* [Material provided]
----

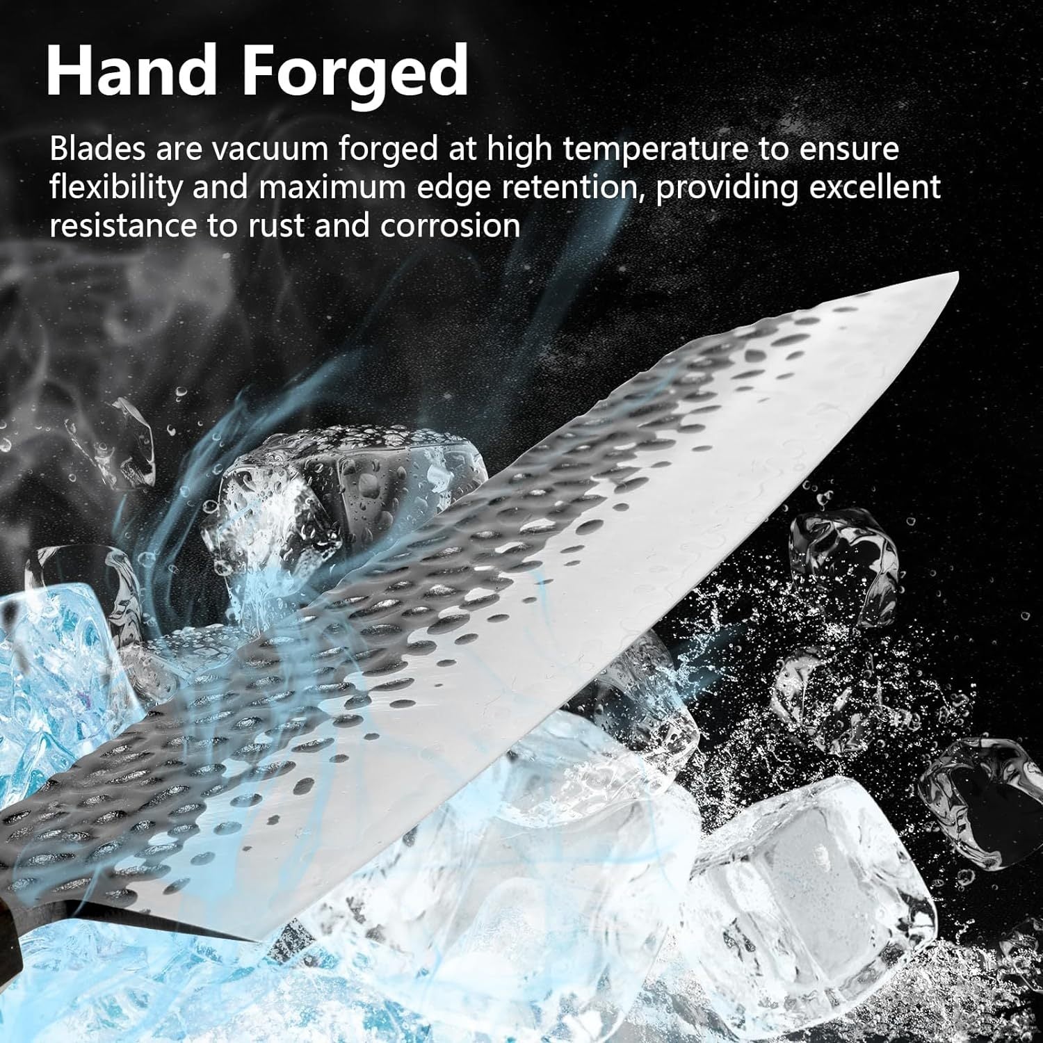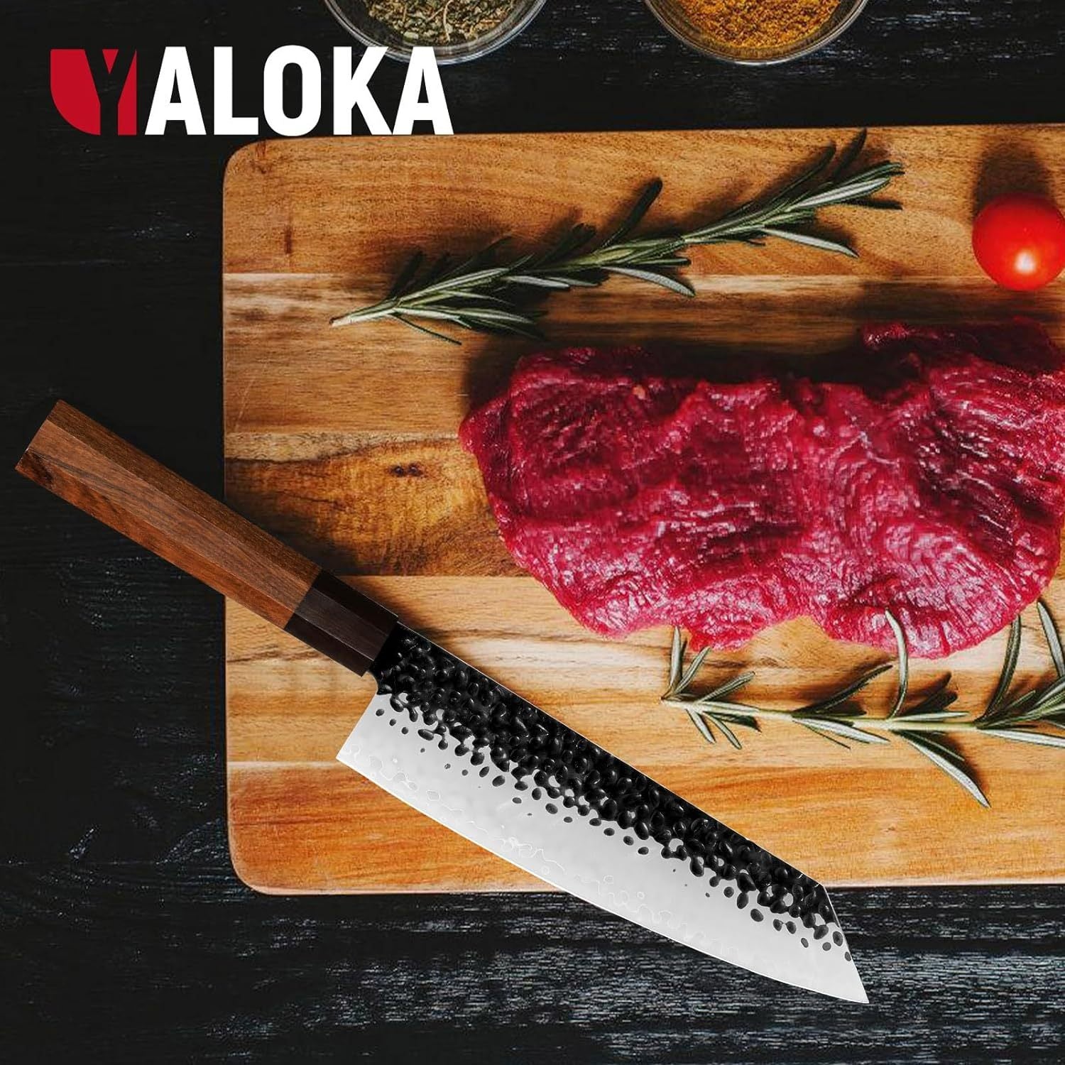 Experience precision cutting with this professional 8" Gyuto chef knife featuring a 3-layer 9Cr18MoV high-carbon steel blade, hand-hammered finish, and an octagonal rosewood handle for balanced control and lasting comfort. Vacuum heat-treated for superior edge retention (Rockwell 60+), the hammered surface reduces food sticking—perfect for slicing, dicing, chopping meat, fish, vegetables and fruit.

----

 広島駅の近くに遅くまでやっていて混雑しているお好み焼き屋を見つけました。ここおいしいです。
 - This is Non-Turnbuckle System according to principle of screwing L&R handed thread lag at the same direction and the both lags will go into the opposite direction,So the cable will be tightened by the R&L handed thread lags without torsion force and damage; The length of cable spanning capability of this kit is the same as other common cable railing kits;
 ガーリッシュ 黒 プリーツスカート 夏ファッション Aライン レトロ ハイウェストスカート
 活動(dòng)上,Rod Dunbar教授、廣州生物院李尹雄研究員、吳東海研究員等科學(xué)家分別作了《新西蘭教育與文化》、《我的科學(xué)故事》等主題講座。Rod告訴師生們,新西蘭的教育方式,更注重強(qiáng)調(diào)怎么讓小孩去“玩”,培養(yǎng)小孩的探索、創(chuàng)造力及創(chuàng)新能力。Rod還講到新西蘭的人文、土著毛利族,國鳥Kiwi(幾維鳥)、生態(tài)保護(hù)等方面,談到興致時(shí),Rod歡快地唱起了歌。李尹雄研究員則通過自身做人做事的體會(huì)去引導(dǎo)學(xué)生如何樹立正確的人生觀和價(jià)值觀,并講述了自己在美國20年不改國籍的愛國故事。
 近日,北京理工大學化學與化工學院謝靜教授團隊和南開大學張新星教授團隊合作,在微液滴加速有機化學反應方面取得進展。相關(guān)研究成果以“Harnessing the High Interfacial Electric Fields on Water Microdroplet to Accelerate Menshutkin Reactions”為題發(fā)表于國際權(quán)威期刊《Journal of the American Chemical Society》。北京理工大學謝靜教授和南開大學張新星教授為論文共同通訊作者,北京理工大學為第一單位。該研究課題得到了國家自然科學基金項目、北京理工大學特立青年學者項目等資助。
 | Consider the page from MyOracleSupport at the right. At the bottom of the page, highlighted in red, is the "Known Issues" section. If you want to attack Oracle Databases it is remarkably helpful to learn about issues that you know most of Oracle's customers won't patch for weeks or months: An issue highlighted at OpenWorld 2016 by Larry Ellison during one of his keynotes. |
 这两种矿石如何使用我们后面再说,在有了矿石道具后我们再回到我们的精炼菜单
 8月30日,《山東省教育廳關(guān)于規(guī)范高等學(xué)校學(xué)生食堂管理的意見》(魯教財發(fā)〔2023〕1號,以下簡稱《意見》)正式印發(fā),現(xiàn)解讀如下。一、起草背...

----

* [Try it]
Check each line above for the string "guān" and copy every line that has it.

* [Written response]
 近日,北京理工大學化學與化工學院謝靜教授團隊和南開大學張新星教授團隊合作,在微液滴加速有機化學反應方面取得進展。相關(guān)研究成果以“Harnessing the High Interfacial Electric Fields on Water Microdroplet to Accelerate Menshutkin Reactions”為題發(fā)表于國際權(quán)威期刊《Journal of the American Chemical Society》。北京理工大學謝靜教授和南開大學張新星教授為論文共同通訊作者,北京理工大學為第一單位。該研究課題得到了國家自然科學基金項目、北京理工大學特立青年學者項目等資助。
 8月30日,《山東省教育廳關(guān)于規(guī)范高等學(xué)校學(xué)生食堂管理的意見》(魯教財發(fā)〔2023〕1號,以下簡稱《意見》)正式印發(fā),現(xiàn)解讀如下。一、起草背...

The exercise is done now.